▶ _Task brief_
Only the lines from the one containing "turning lights on/off" to the end of the data below belong in the answer, each repeated exactly; no pictures.

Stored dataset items
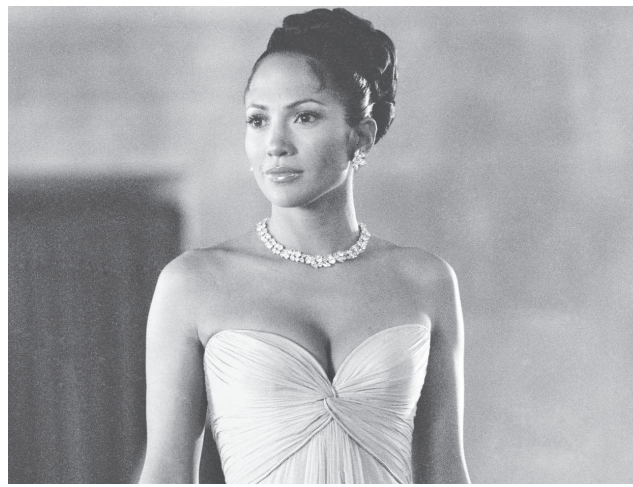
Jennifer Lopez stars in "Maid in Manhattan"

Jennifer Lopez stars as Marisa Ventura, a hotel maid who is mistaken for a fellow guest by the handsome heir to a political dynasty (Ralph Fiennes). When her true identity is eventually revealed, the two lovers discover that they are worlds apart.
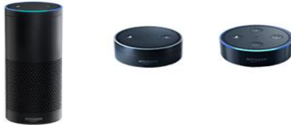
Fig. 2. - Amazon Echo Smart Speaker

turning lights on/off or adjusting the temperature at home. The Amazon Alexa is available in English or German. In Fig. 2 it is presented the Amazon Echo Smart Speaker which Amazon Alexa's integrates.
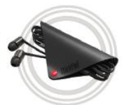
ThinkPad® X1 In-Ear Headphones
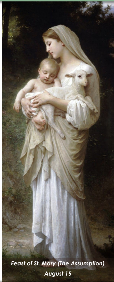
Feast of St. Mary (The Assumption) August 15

▶ _Response area_
turning lights on/off or adjusting the temperature at home. The Amazon Alexa is available in English or German. In Fig. 2 it is presented the Amazon Echo Smart Speaker which Amazon Alexa's integrates.
ThinkPad® X1 In-Ear Headphones
Feast of St. Mary (The Assumption) August 15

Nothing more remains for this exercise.